Sunday, September 8, 2013

From childhood's hour I have not been As others were -- ...

Tonight it is Sail by Awolnation, and a specific poem (not the one below) to soothe my eyes and my nerves and this black hole that grows just behind my eyelashes and twists me into shapes I'd rather not see.

Maybe you've noticed the running theme in my titles, and maybe not...

Anyway.
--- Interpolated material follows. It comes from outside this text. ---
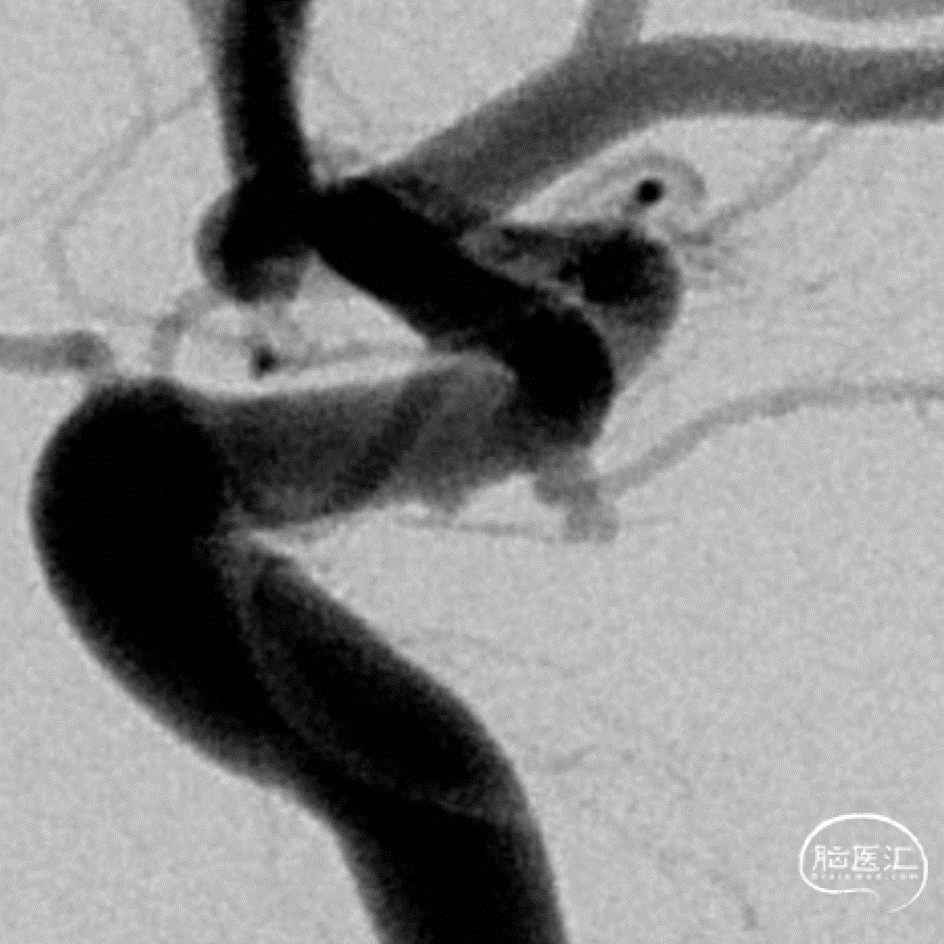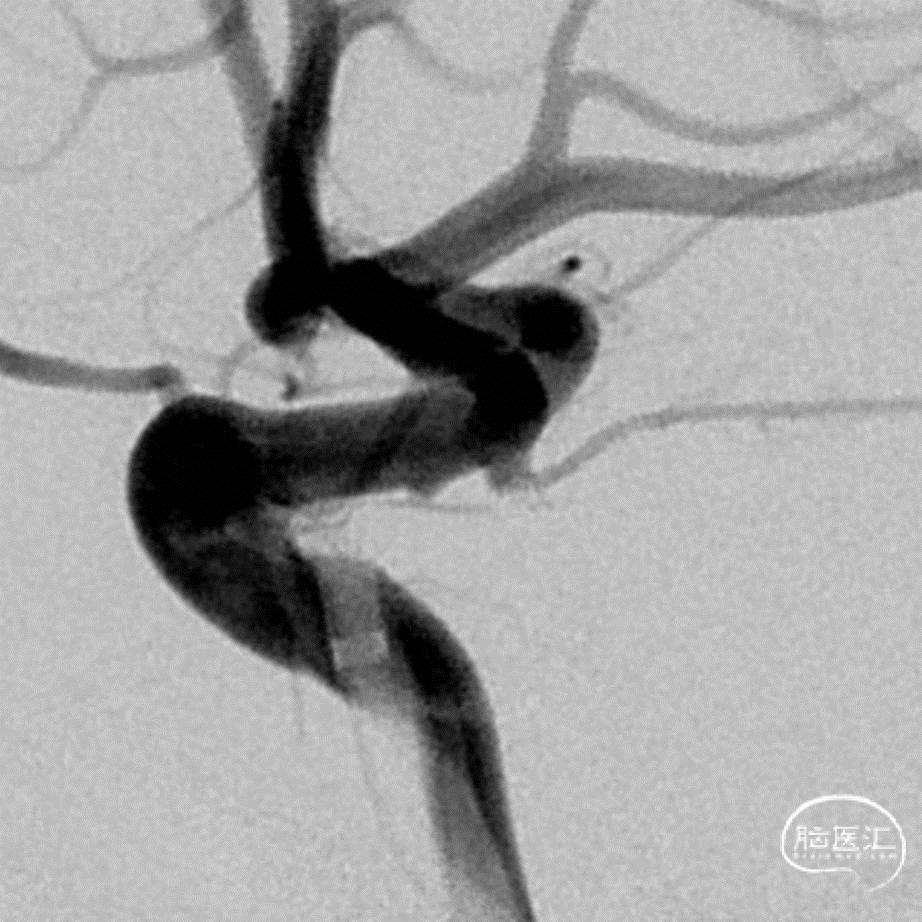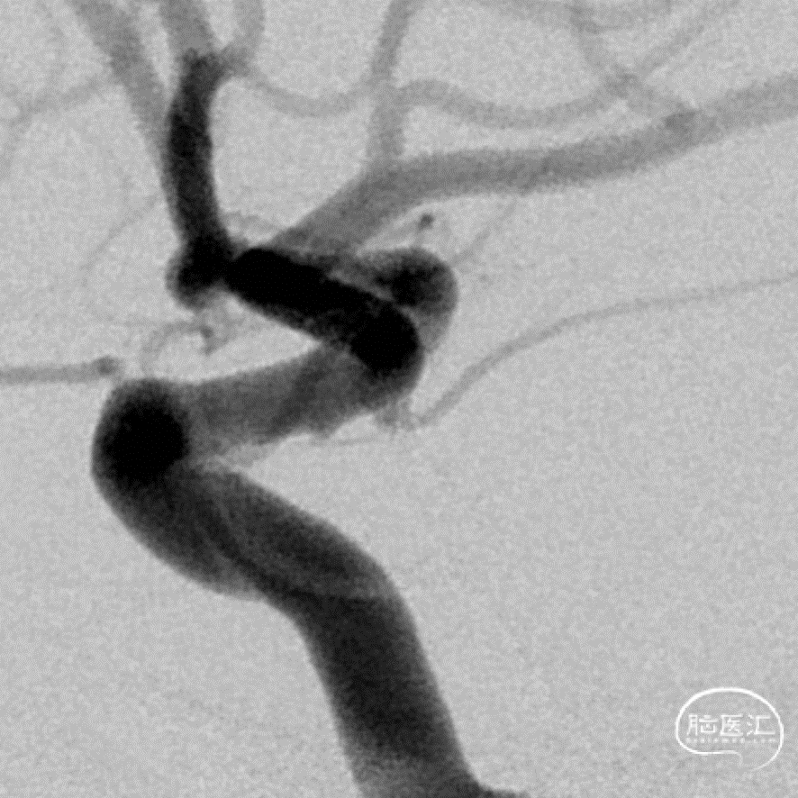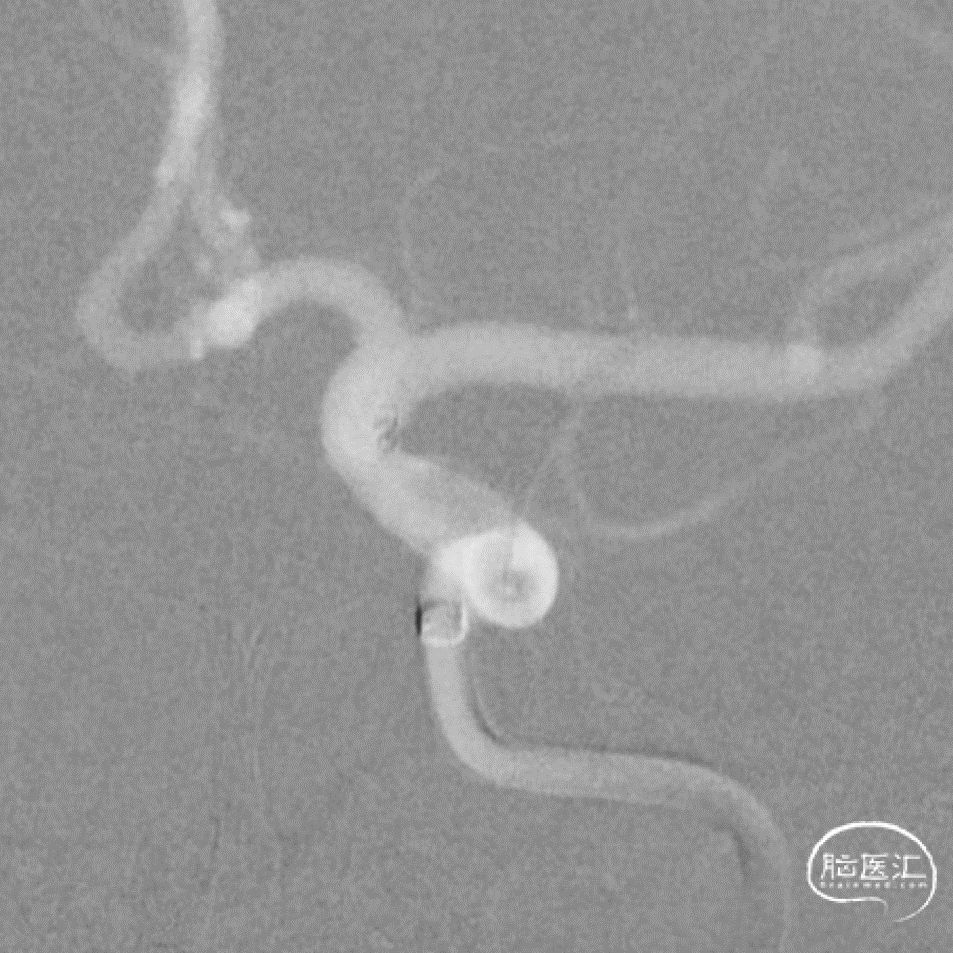 该动脉瘤为真性脉络膜前动脉动脉瘤,解剖结构和治疗具有复杂性:首先,其位置距离脉络膜前动脉和颈内动脉的交接处有一段距离,治疗相对困难;其次,该动脉瘤又是相对宽颈的微小动脉瘤,弹簧圈的成篮、稳定性和大小选择要求更高;最后,该动脉瘤为破裂动脉瘤,急性期单纯栓塞动脉瘤,有利于降低/消除再次出血的风险,避免了急性期支架植入使用抗血小板药物的顾虑。

For Sire, my Ideal Reader and best absent lover.

Not Exactly A Vampire But Certainly Not Human

My wrists are bound above my head, and I am wrapped in pain and I am still somehow,
Simultaneously,
Burning and beautiful and dancing and crying and screaming into the flowers and glass
That make up my bright wishes and deep love for everything that sings silently to me when I sleep.

I am happiest when I am in pain, and at my most lonely when there is no one to punish me
For my crimes.
I dream of forced lovemaking in the water; pinned down in a pool in the dark and drowned;
Fucked and flooded with the salt of semen, ocean, and tears.

There are hands in my hair and wicked whispers that promise me everything I want
And will never have.
The stars here are so bright and sometimes I wish they would all fall down on my head
I wish they would drop into my hair, make blood run into my eyes.

I can go anywhere and I choose responsibility and escape; Gods! how I will miss
The ocean!
The sand, the tide, the perversity of her promise to kill me in a thousand ways and
Kiss me with her mouth that swallows everything and spews it back up on the beach.

Music and poetry and flowers and candles and curls and ribbon and unspoken secrets;
Follow me.
They can and do and I am not perfect, I am only beautiful to myself sometimes but I will
Never tell you when, and I will never tell anyone else either. I lie and hide and cheat myself.

Inside me where no one can touch me or hear me or see me I dream in the dark places that I
Keep quite silent.
Thrumming bass; treble-- orgasm drop; I can feel it in me like a promise made physical and cruel.
It is good; it is perfect. Love is pain, and the best pain comes with a soundtrack that screams.